Potassium sulfate is an important chemical and widely used in the fields of agriculture, chemical industry, medicine and the like. If used as a high-quality chlorine-free potash fertilizer, the sulfur element contained in the fertilizer has small hygroscopicity and is a medium-amount nutrient element required by plants. In industry, potassium sulfate can be used for manufacturing chemical products such as glass, phosphate, dye, pigment, gunpowder and the like. In addition, industrial potassium sulfate can also be used for manufacturing electronic chemicals such as batteries, electrolytes, electroplating solutions and the like. Industrial potassium sulfate is an important pharmaceutical raw material and can be used for manufacturing products such as medicines, cosmetics, oral cleaners and the like. It can be used for treating hypertension, heart disease, kidney disease, etc., and can also be used for cleaning oral cavity, caring skin, etc. The potassium sulfate yield in China is low, the potassium sulfate is mainly imported, and the price is high.

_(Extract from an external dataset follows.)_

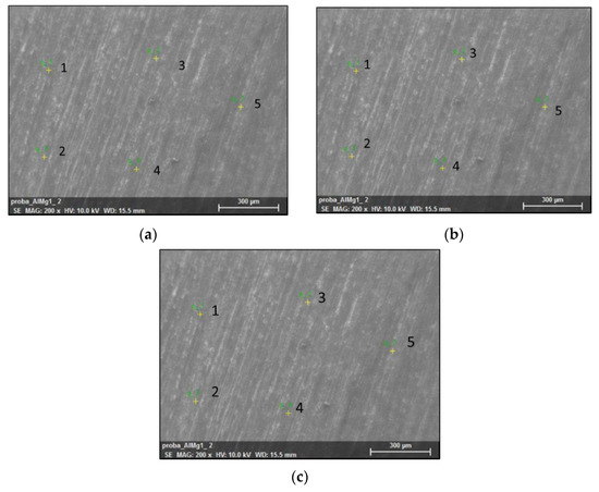 SEM images for Al (1050) alloy at different Mg content percentiles: (a) 1%; (b) 3%; (c) 5%.

Therefore, the method can recover lithium ions from the mother solution after primary lithium precipitation, and can prepare high-purity potassium sulfate, and the method becomes a problem to be solved by the person skilled in the art.
Disclosure of Invention
The invention aims to provide a method for preparing high-purity potassium sulfate from lithium precipitation mother liquor, which not only can recover lithium ions from the mother liquor after primary lithium precipitation, but also can prepare high-purity potassium sulfate.
In order to achieve the above purpose, the technical scheme adopted by the invention is as follows:
The invention discloses a method for preparing high-purity potassium sulfate by using lithium precipitation mother liquor, which comprises the following steps: the primary lithium precipitation mother liquor for producing lithium carbonate by a sulfuric acid method is used as a raw material, and the method comprises the following steps:
s1, decarburizing and evaporating: decarbonizing the primary lithium precipitation mother liquor, and then evaporating and concentrating;
s2, separating glaserite: cooling the mother solution after evaporation and concentration, and separating out glaserite;
s3, separating sodium sulfate: cooling the mother solution after separating glaserite, and separating sodium sulfate;
S4, sodium sulfate reacts to generate glaserite: adding a potassium chloride solution into the sodium sulfate separated in the step S3, and heating to react to generate glaserite and sodium chloride;
s5, separating sodium chloride: separating the glaserite and sodium chloride mixture generated in the step S4 to obtain sodium chloride and glaserite;
s6, converting the potassium chloride to prepare potassium sulfate: combining the glaserite separated from the sodium chloride in the step S5 with the glaserite obtained in the step S2; adding potassium chloride solution to react to generate potassium sulfate and sodium chloride;
S7, separating sodium chloride: and (3) separating the mixture of potassium sulfate and sodium chloride generated in the step (S6) to obtain sodium chloride and potassium sulfate respectively.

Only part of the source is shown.